手紙の内容は、今度、東京で公演があるから見に来て欲しいというものだった。

舞台の上で、岡本さんは人形を抱えながら、圧倒的な勢いで踊っていた。

人形に生命を与え、その生命と同化して踊り続ける岡本さんのエネルギーは

生命体としての躍動感が満ちていた。私の中に岡本芳一という楔が打ち込まれた瞬間だった。

時が経っても、私の中には岡本さんが絶えず生きていて、ときどきその躍動が

動脈を通って心臓の鼓動を高鳴らせたりすることがあった。

それから十年近く経って、映像という遺影のなかで岡本さんに会うことになるとは

思ってもいなかった。もはや一緒に舞台をすることは不可能になってしまった岡本さんは、

あの時の躍動感溢れる舞台とは真逆の、静寂で、静かに脈を感じながら人形の中の

生命体の終末を愛おしむような姿があった。

そして、私の彼女も私に伝えたかったのは、岡本さんが人形に注ぐような

愛だったのではないかと思う。


有末 剛(緊縛師「花と蛇」シリーズ)

 

水井真希 様より

 

無機質なお人形が

怖くて

私には

肉感的でないから

精神性ばかりが

ひきたつ

 

水井真希(女優「終わらない青」主演)


中田新一 様より

 

渡邊世紀はナイーブで可憐な女性を描く事に長けたフォトジェニックな監督のように思われている。

しかし決して奇麗なだけの作品を良しとしない。むしろ石を抱きて野に謳う歌人を好む。

ドキュメント『百鬼どんどろ』で摩訶不思議な人形遣い岡本芳一に彼が見つけたものは何か?

作家として楔を打ち込まれたように立ち竦んだのは何故か?

答えを求めんとカメラを撮った。そして一本の作品が出来上った。

「VEIN-静脈-」である。

 

人形遣いの男は少女(人形)と一体化しようと自らの血を人形に注ぎ続ける、

それは自己表現のための痛々しい営みだ。

その生き様に共感し、のめり込んでいく監督自身の足掻きが見てとれる。

成就しない恋は切実なまでに『痛み』を伴う。それ故にいっそうロマンチックだ。

監督も又この人形遣いに同化しようともがいているようだ。

静脈が返す血のように、たゆたゆと静かな画面から死を賭して生きる者の叫びが伝わってくるようだ。

                        

中田新一(映画監督)

 

綾乃テン 様より

 

VEINを創った年の冬は、岡本さんにとって、一番静かで、

とても長い冬だったのではないかと思う。

 

 「雪が降る、しんしんという音がほしい」

 

人の声がしない、冬の長野のアトリエで一番リアルな音だったのだ、と思う

 

人形がどうしたら生きるのか、どうしたら面白い作品になるのか、お客さんの目線はどうか?

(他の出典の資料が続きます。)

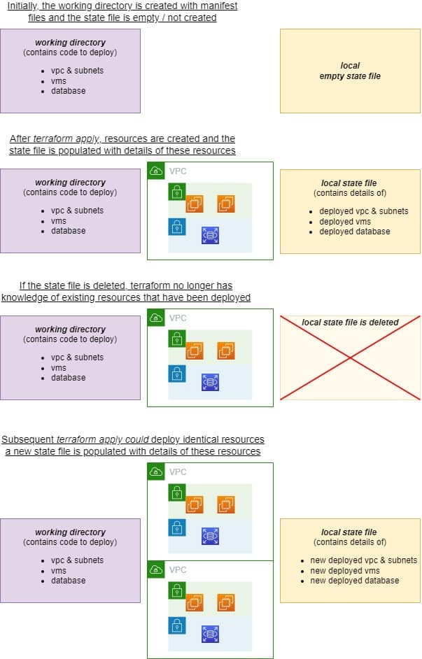 - The tfstate file is crucial since it tracks the state of the infrastructure based on changes Terraform has made. This is created and updated each time an apply or destroy command is run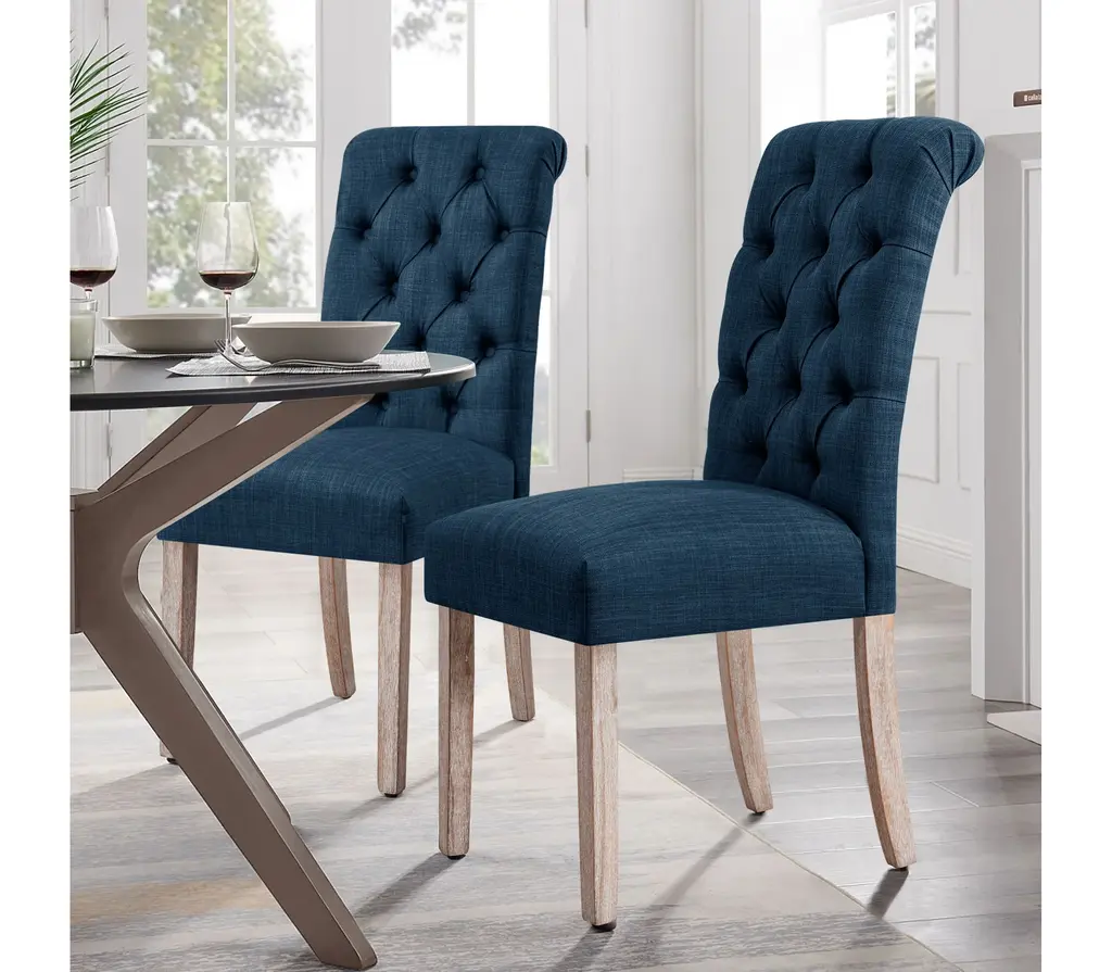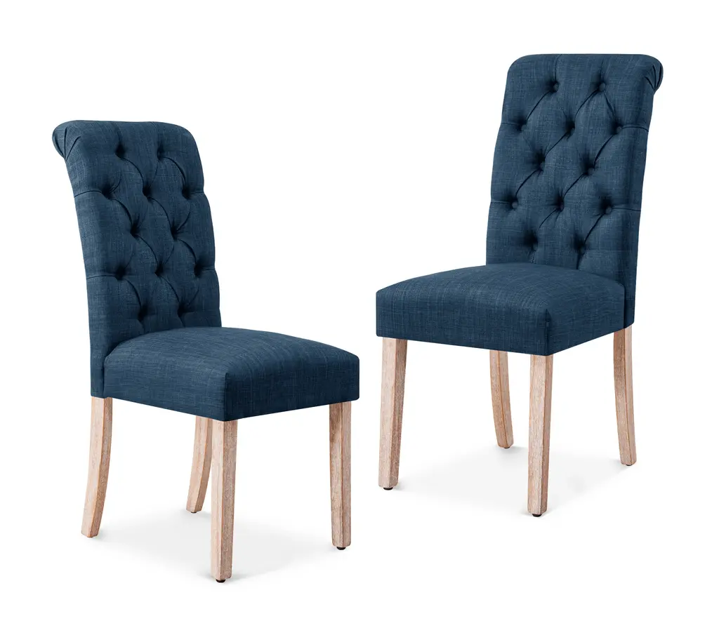 Subrtex Tufted Fabric Upholstered Dining Chairs, Navy, Set Of 2

百戦錬磨で歩んできた岡本さんが、改めて真正面から人形と向き合うことになった時間であり、

作品だと思う。

人形たちはみんな俺の分身だと言っていた岡本さんの沢山の人形の中で、

VEINの少女は一番岡本さんの内面が映し出された人形のように思います。

 

岡本さんと一人の少女を通して、痛くて、とても美しい感情をVEINで感じました。

 

岡本さんが、映画を残してくれたことが、私はとても嬉しい。


綾乃テン(ソロパフォーマー)

岩本光弘 様より

 

あの世とこの世。

あの時と今。

あなたと私。

トンネル、薬缶、蛇口、窓外の雪景色。

岡本芳一が見つめた風景がここにある。

声を掛けても抱きしめても静寂は続く。

苦悩の愛を知ることは人生の証しかもしれない。

この結晶のような作品を一生眼の中に閉じ込めておきたい。